Recent studies reported that CRISPR/Cas9 dual-locus editing technique was able to eliminate more than 20 genes from the laccase family in S. miltiorrhiza. The expression levels of the target laccase genes and critical genes for phenolic acid production were dramatically increased in the editing lines. The formation of hairy roots was also greatly slowed down in the CRISPR lines. These results revealed the function of SmLACs, which are crucial for phenolic acid synthesis as well as root growth and lignin formation in S. miltiorrhiza (Zhou et al. 2021). Shi et al. (2021) targeted SmbZIP2, a new basic leucine zipper transcription factor identified from S. miltiorrhiza, using overexpression (OE) and the CRISPR/Cas9 technique. Further, analyzing the transgenic lines showed that the phenolic acid content was increased in the CRISPR/Cas9 lines but decreased in the OE lines. The study showed that SmbZIP2 acts as a negative regulator in phenolic acid biosynthesis offering a unique strategy for the production of phenolic acid.
3.2.8 Rehmannia glutinosa
Rehmannia glutinosa is a vital component of traditional Chinese medicine that has special pharmacological and economic importance. In this study, it is successfully modified with the CRISPR/Cas9 cassette by precise editing of the RgPDS1. More intriguingly, a few partially albino shoots were able to develop in MS medium in a similar way to wild-type plants, indicating that the chlorophyll and carotenoid content in the leaves of these PDS mutants were still present with special emphasis in molecular breeding to generate desired traits into the plant (Li et al. 2021a, b).

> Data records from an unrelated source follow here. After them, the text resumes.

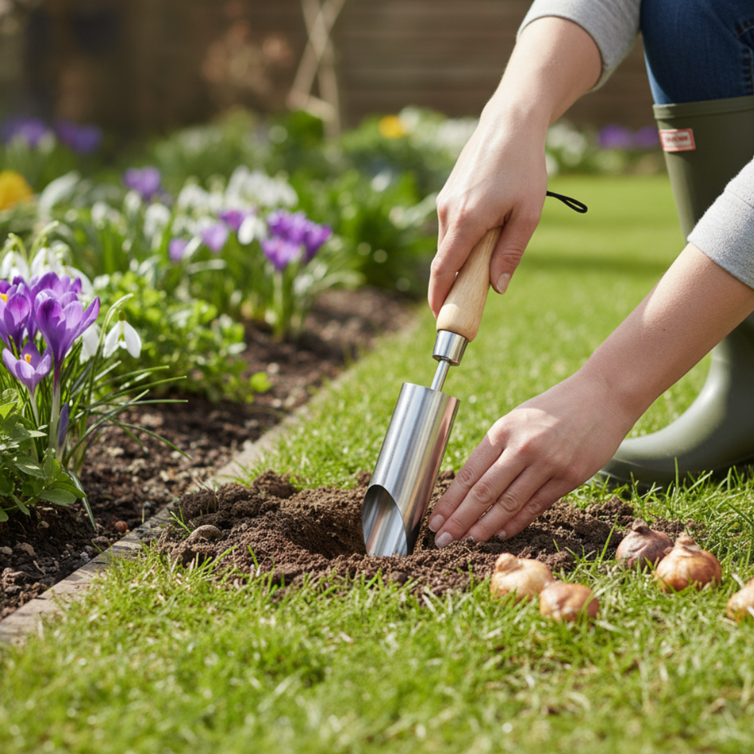 Tired of inaccurate planting depths and damaged bulbs? This Premium Stainless Steel Small Bulb Planter is engineered for precision, ensuring your crocus, snowdrops, and hyacinths are planted perfectly every time. Featuring a specialized 38mm core and a razor-sharp, angled rim, it slices cleanly into the soil, extracting a neat plug with minimal effort. Paired with a beautiful FSC Ashwood handle and backed by a 5-year warranty, this tool guarantees healthy, vibrant floral displays year after year.
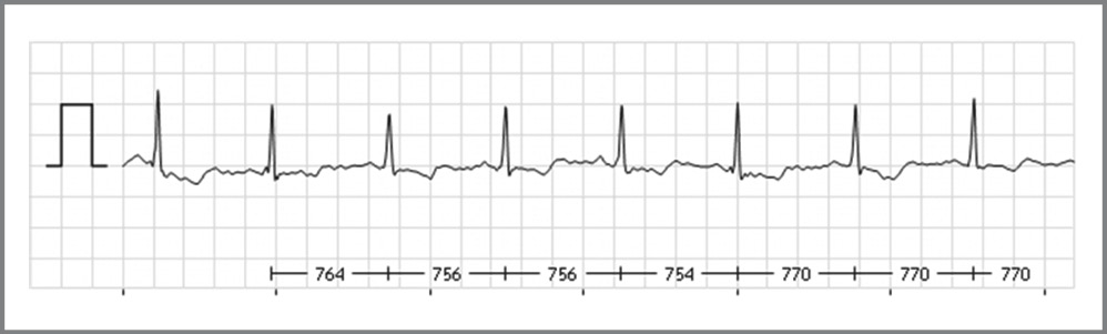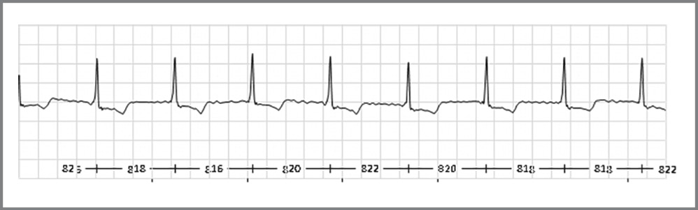 По данным ЭКГ с помощью одноканального монитора CardioQVARK (ООО «КардиоКВАРК», Россия) определялся синусовый ритм (СР) с ЧСС 75 уд/мин (рис. 1). На 12-канальной электрокардиограмме: СР с ЧСС – 78 уд/мин, признаки гипертрофии левого желудочка (ЛЖ). При проведении эхокардиографии (ЭхоКГ) выявлены признаки несимметричной концентрической гипертрофии миокарда ЛЖ с обструкцией выносящего тракта ЛЖ. Фракция выброса ЛЖ – 80%.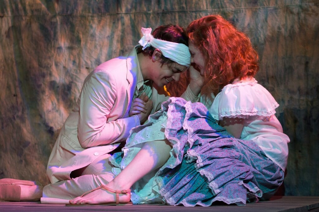 For an audience member at a play, immersion in someone else’s life on the other side of the equator is an artistic marvel. Through light, music, dialogue, set, video and props one can experience a village on the Amazon River in Brazil…of course, in our Midwest section of the globe, outside temperature and its obvious results in a third-floor church “attic theatre” seems to reach tropical rainforest proportions and aid the “suspension of disbelief.”
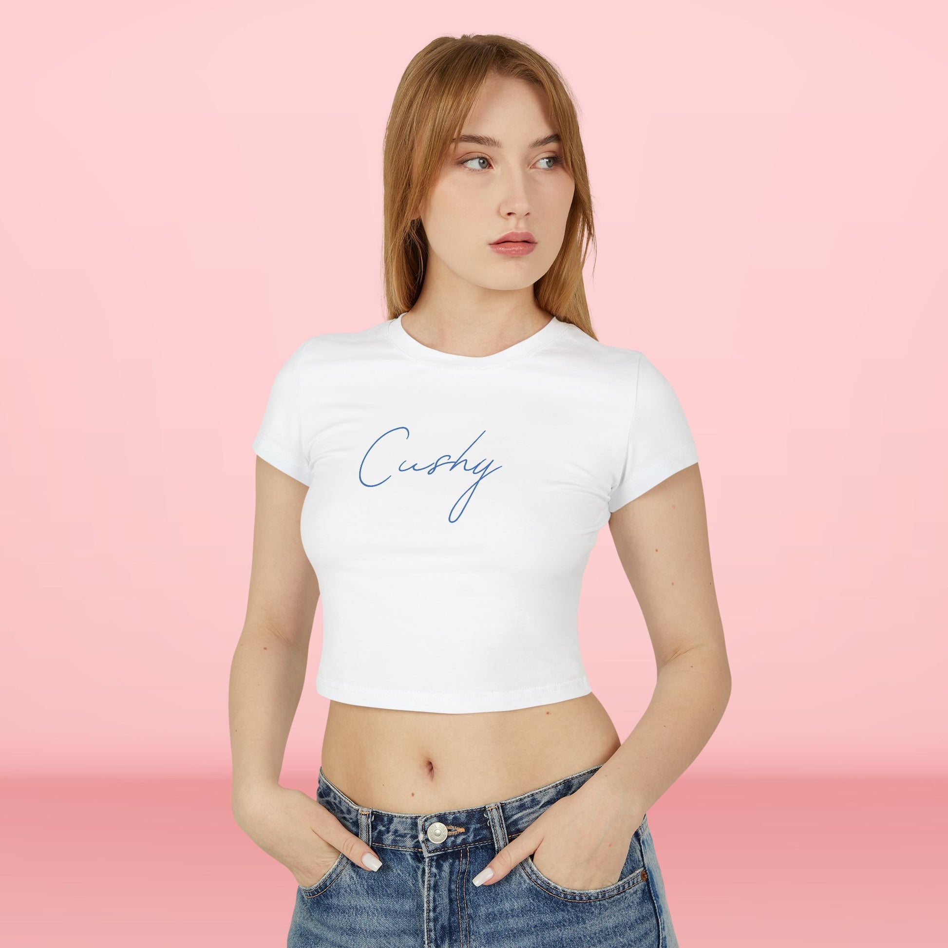 Embrace effortless confidence with the Cushy Baby Tee from the Her Collection. Featuring the word "Cushy" in soft blue cursive, this slim-fit tee is designed to flatter while delivering ultimate comfort. With its mid-length cut and eco-friendly 100% organic cotton rib fabric, it’s a perfect blend of style and sustainability.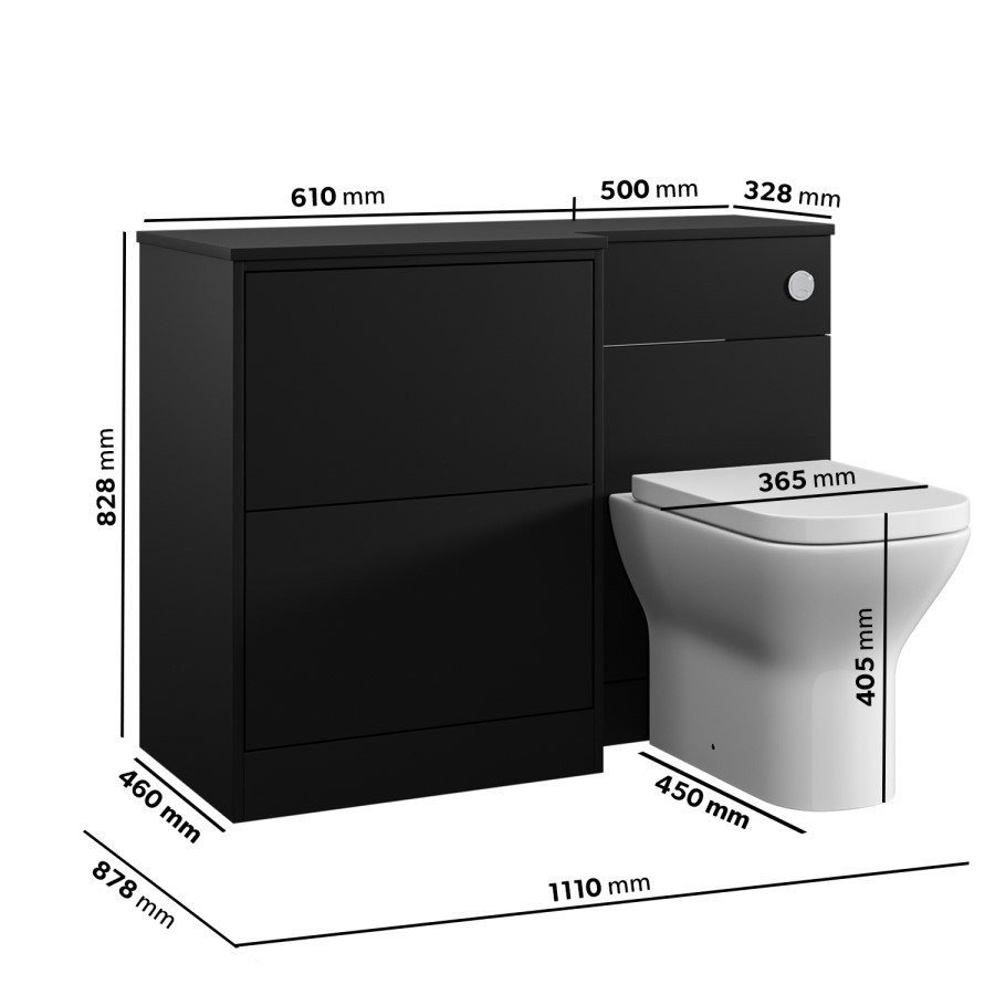 - Overall Dimensions Including Toilet: H 828mm x W 1110mm x D878mm

3.2.9 Symphytum officinale
Comfrey, also known as Symphytum officinale L. Boraginaceae, is a plant with anti-inflammatory, analgesic, and proliferative properties. Its potential role in pharmaceuticals is constrained by the large concentrations of toxic pyrrolizidine alkaloid (PA) throughout the entire plant. Zakaria et al. (2021) claimed that CRISPR/Cas9 technique helps in eliminating homospermidine synthase (HSS), the first specialized enzyme in the PA biosynthesis pathway. The homospermidine and PA concentrations in the hairy roots (HRs) appeared to have decreased, as evidenced by the successfully acquired HSS-deficient HRs. This work showed the effectiveness of using gene editing as well as the ability to create nontoxic transgenic comfrey varieties.
3.2.10 Papaver somniferum L.
Benzylisoquinoline alkaloids (BIAs) are used in the biosynthesis of the opium poppy to create the therapeutically relevant narcotic morphine. Morphine heightens the brain’s reward response because it has stronger effects on the central nervous system. CRISPR/Cas9-based gene knockout systems were able to specifically target the gene 4′ OMT2, which is involved in the manufacture of BIAs (morphine, codeine, s-reticuline, noscapine, thebaine, laudanosine, and papaverine) (Alagoz et al. 2016).
3.3 Limitations of CRISPR/Cas9 Technique
This genome editing technique also possesses a few disadvantages such as off-targets of the desired gene, the identification of the genetic makeup related to particular plant traits, the competent delivery of the CRISPR/Cas9 construct to plant cells, and a reliable plant transformation system. In recent years, these shortcomings have been effectively overcome by the CRISPR/Cas variants and Cas9 orthologs with high precision and specificity (Fig. 3.3) (Vidya and Arun 2023).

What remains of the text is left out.